WiseFT: Robust fine-tuning of zero-shot models

Large pretrained models like CLIP give great zero shot performance, and even better finetuned performances on datasets. However, this leads to reduction in robustness to distribution shifts and catastrophic forgetting. WiseFT ¹ deals with this problem, by ensembling the weights of zero shot model and finetuned model. This could be used in continual learning.

Steering CLIP’s vision transformer with sparse autoencoders

CVPR Workshop on Mechanistic Interpratibility for Vision Paper from MILA: Joseph, Suresh, Richards et al

Context: Foundation models often compress information about multiple different things to a single neuron weight (polysemantic), making these not very interpretable. In language models with transformers, sparse autoenoders (SAEs) have helped to make language models based on transformers interpretable, by learning using internal activations of transformer layers. Since only a few features are allowed to activate at once, it is forced to learn disentangled features making the vectors interpretable.

Now if we are able to understand which part of the ViT is responsible for classifying a particular task, we can make its learning rate higher when a similar kind of task appears, while keeping other parts less learnable (remember SLCA: Slow Learner with Classifier Alignment).
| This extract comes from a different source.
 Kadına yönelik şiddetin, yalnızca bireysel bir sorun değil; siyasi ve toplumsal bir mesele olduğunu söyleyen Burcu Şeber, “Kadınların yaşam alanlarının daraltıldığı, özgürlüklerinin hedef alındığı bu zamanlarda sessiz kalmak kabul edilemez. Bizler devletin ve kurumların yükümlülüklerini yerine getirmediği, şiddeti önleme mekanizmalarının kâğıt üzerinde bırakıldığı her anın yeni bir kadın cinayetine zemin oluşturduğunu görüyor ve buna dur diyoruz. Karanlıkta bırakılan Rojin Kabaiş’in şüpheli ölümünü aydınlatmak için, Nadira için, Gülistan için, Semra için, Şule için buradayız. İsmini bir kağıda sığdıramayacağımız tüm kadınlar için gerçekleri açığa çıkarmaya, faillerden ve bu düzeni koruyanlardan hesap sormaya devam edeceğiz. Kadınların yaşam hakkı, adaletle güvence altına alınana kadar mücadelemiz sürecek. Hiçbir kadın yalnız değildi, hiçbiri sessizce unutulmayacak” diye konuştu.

In the paper by Joseph et al ², authors train SAEs on CLIP’s Vision transformer. They found that $10-15\%$ of neurons and features are steerable - which could be utilized. Another observation: The $L_0$ values of SAEs trained on spatial tokens are higher at center of image, with higher L0 values than the CLS token or the language model’s SAEs. Thus, language and vision models could have different sparsity.

For an input activation $x \in R^{d_{model}}$ where $R^{d_{model}}$ is a set of feature vectors. SAE computes the following decomposition: $\hat{x} + \epsilon (x) = \sum_{j=1}^{d_{SAE}} f_j (x) n_j + b + \epsilon (x)$

where $n_j\in R^{d_{model}}$ are normalized vectors and feature activations $F_j(x)\in R$ serves as sparse coefficients and $b\in R^{d_{model}}$ represents bias.
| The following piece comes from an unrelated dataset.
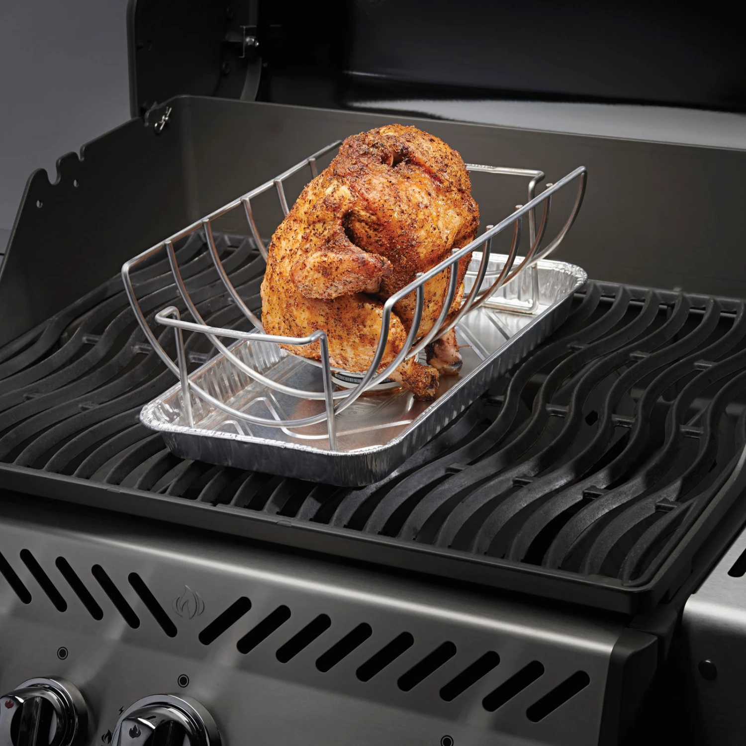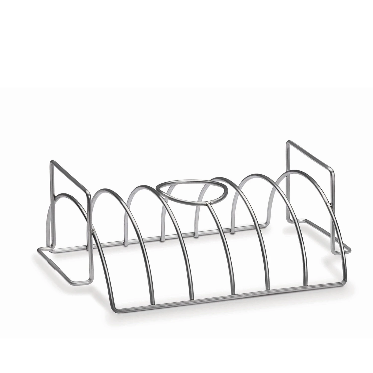 Multifunktionaler Braten- und Ribshalter & Bierdosenhähnchen-Korb aus Edelstahl, spülmaschinenfest. Napoleon® Alutasse # 62008 passt genau darunter, 5 cm x 20 cm x 13 cm

The papers Interpreting CLIP with sparse linear concept embeddings (spliCE). and beyond scalars: Concept-based alignment analysis in vision transformers. demonstrate CLIP’s internal representations align naturally with human interpretable concepts.

Also SAEs are better than CBM since CBMs rely on LLM generated features, while SAEs are unsupervised based on model’s internal representations.

Models being trained:

CLIP ViT B/32 being used. Vanilla SAE uses ReLU activation with sparsity induced by L1 reg and trained on Imagenet1K.

How to Steer?

CLIP SAEs can be used to control feature activations: “manipulating SAE features to influence model outputs”.

To measure steering effects, a feature f is selected, and its feature activation across all patches are replaced with steering strength s during forward pass.

I didnt quite get how these features are obtained while unsupervised.

What is SAE doing: The base model’s 768 dimension activation space is mapped to dictionary of $768\times 64$ features, with initial encoder weights set to transpose of decoder weights.

I didnt care about the evaluation metric here, so wont comment.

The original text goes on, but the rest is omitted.